The winners of Harvard Law School’s 58th annual Williston Competition, Harvard’s annual contract negotiation and drafting competition for first-year law students, were announced on April 18.
This year’s winners were:
Best Overall Contract (1st Place): Ruchi Desai, Lisa Ma, Graham Phillips and Megan Riley.
Best Representation of Fresh Air (2nd Place): Matthew Aldana and Benjamin Freeman
Best Representation of Boston (2nd Place): Andrew Cath Rubenstein and Doug Smith
The Williston Competition presents participants with a complex business problem and charges them with representing a client in negotiations, trying to arrive at an agreement that they then reduce to writing.
This year’s problem was based on a previous effort by the City of Boston and the Commonwealth of Massachusetts to convince London-based Virgin to choose Boston as their U.S. headquarters for a U.S. start-up airline.
“This was a wonderful experience for us that highlighted the importance of innovation and diligence in negotiation,” said Lisa Ma, who represented Boston.
It was not all work and no play for the competitors, though.
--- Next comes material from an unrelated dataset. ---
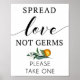 Spread love not germs sign for weddings, parties, bridal showers, baby showers as well as forrestaurant, office, coffee shop, salon...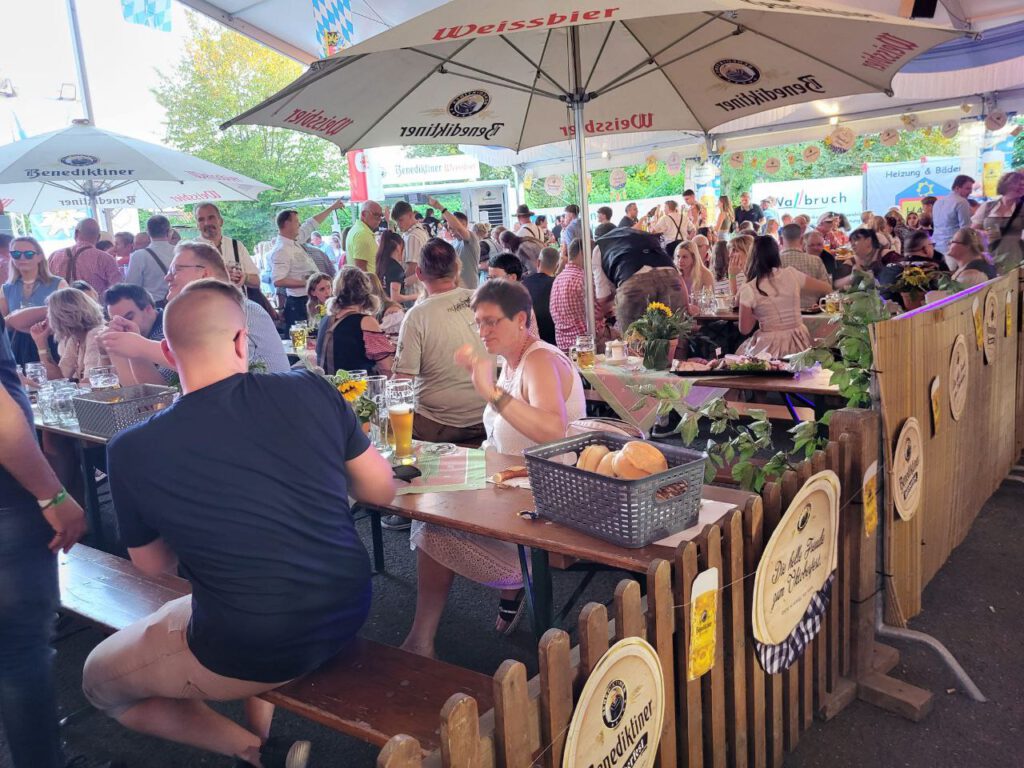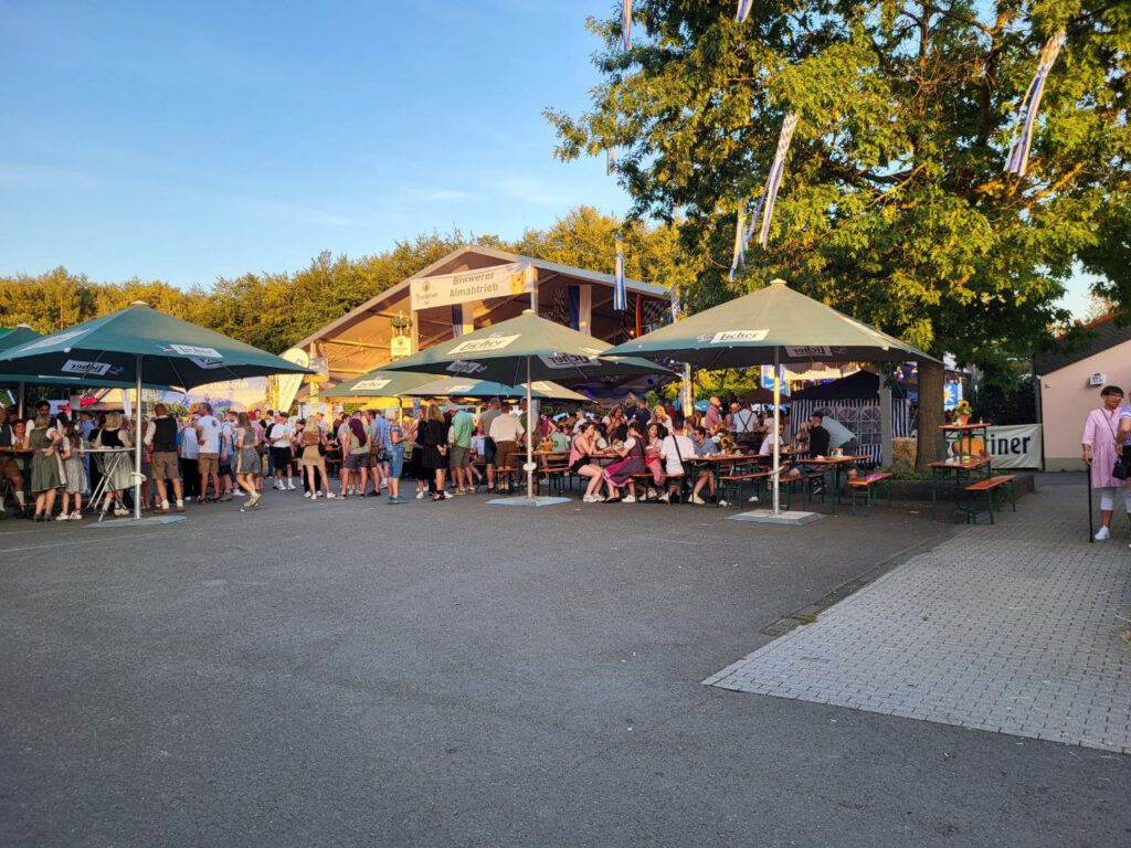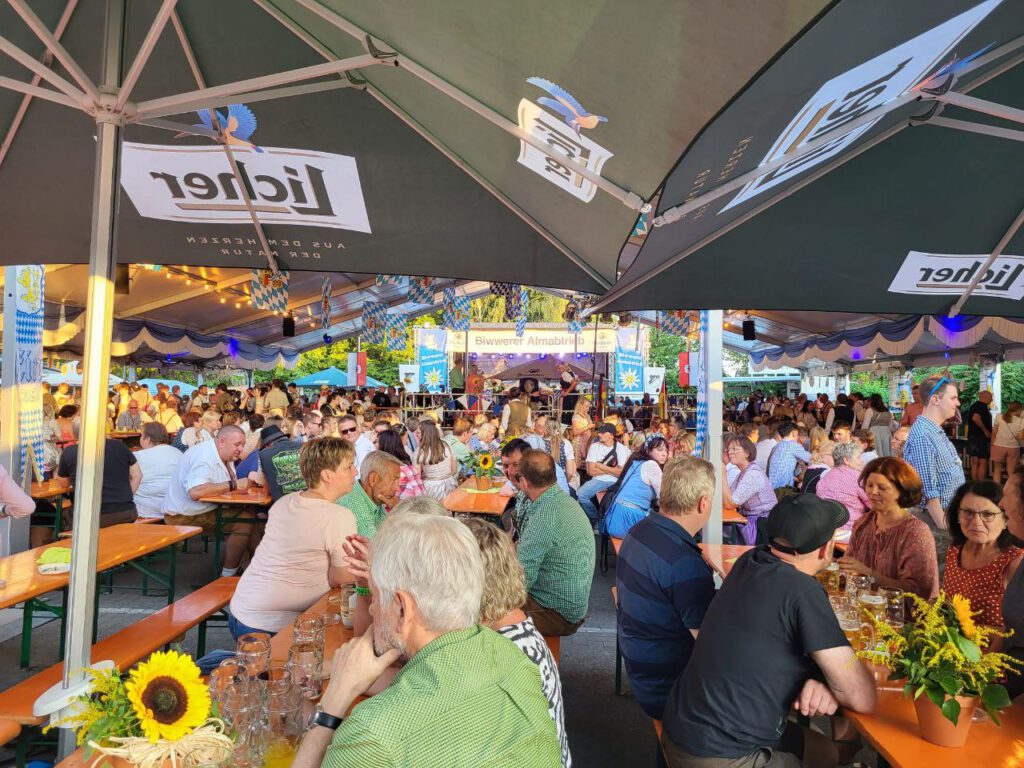 In diesem Jahr wurde ein an den Seiten offenes Zelt gestellt, „Buden“ und Attraktionen auf dem Sportplatz aufgebaut. Mit ungeheurem Aufwand und vielen fleißigen Helfern wurde bis zuletzt gewerkelt und gestellt; vorbereitet unter Federführung des Vergnügungsausschusses, des Vorstandes und dem Team der KSG Bieber.

“We made sure to remain amicable throughout the process, even as a serious disagreement arose at around midnight the night before the deadline,” said Benjamin Freeman, representing Fresh Air. Graham Phillips, representing Boston, quickly realized the usefulness of collaboration in creating value: “Once you’ve moved beyond the basic terms and are thinking about creative joint ventures, the process doesn’t really feel at all adversarial: it becomes more like a single team of four people.”
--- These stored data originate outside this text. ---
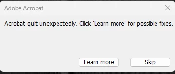 When enabling this feature (at least in Windows 11 22H2) and you close Acrobat a dialog box appears saying "Adobe quit unexepectedly.  Click 'Learn More" for possible fixes.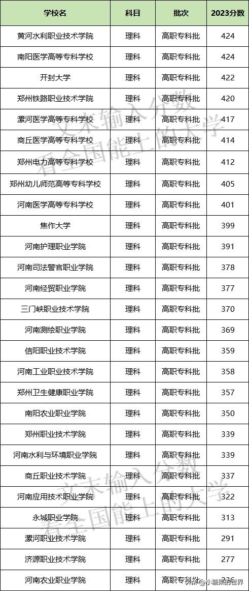 河南所有公办大专理科分数线表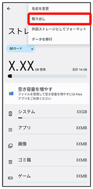 SDカードを取り外すときは、必ずマウントを解除してください。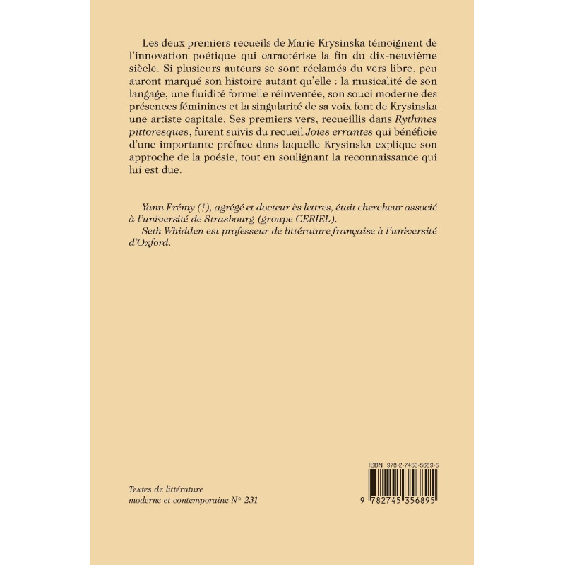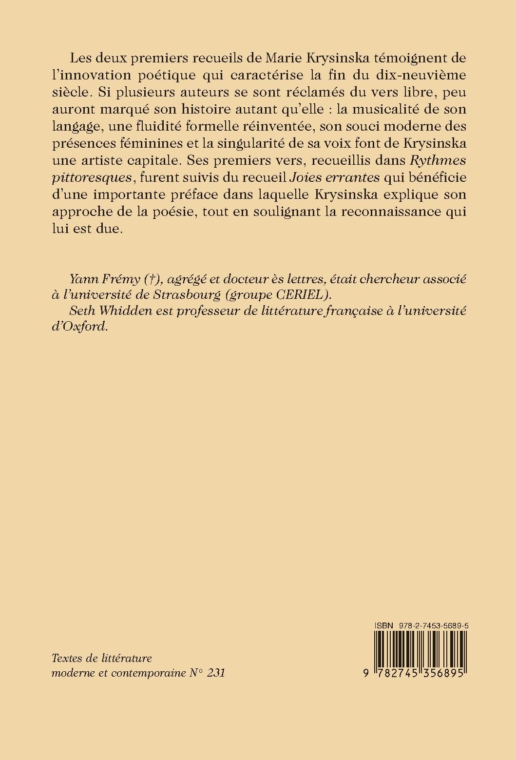 Les deux premiers recueils de Marie Krysinska témoignent de l’innovation poétique qui caractérise la fin du dix-neuvième siècle. Si plusieurs auteurs se sont réclamés du vers libre, peu auront marqué son histoire autant qu’elle : la musicalité de son langage, une fluidité formelle réinventée, son souci moderne des présences féminines et la singularité de sa voix font de Krysinska une artiste capitale. Ses premiers vers, recueillis dans Rythmes pittoresques, furent suivis du recueil Joies errantes qui bénéficie d’une importante préface dans laquelle Krysinska explique son approche de la poésie, tout en soulignant la reconnaissance qui lui est due.

As the competition progressed, the focus shifted to drafting the agreement: “Putting the contract on paper was like trying to put a puzzle together,” said Doug Smith, representing Boston. “I think both sides thought the negotiating was over when we started drafting, but deciding on actual wording definitely forced us to negotiate many issues which we hadn’t thought about,”
The Board of Student Advisers and Harvard Negotiators run the Williston Competition jointly, under the supervision of Clinical Professor Robert Bordone, director of Harvard’s Negotiation and Mediation Clinical Program. “I was delighted not only by the high number of 1Ls who participated in this year’s Williston Competition but also by the energy, hard work, and enthusiasm with which so many teams approached the simulation,” Bordone remarked.
This year’s competition was judged by Aaron Dalnoot ’12, Kristi Jobson ’12 and Erin Walczewski ’10, an associate at Cooley LLP.
Walczewski observed how pragmatic the students were in drafting their contracts: “It was evident from some of the agreements that the teams had developed a nuanced understanding of exactly the type of arrangements that reflected mutual gain and structured proper incentives for the contracting parties. That sort of agreement in the real world is likely to be eagerly accepted by the client.”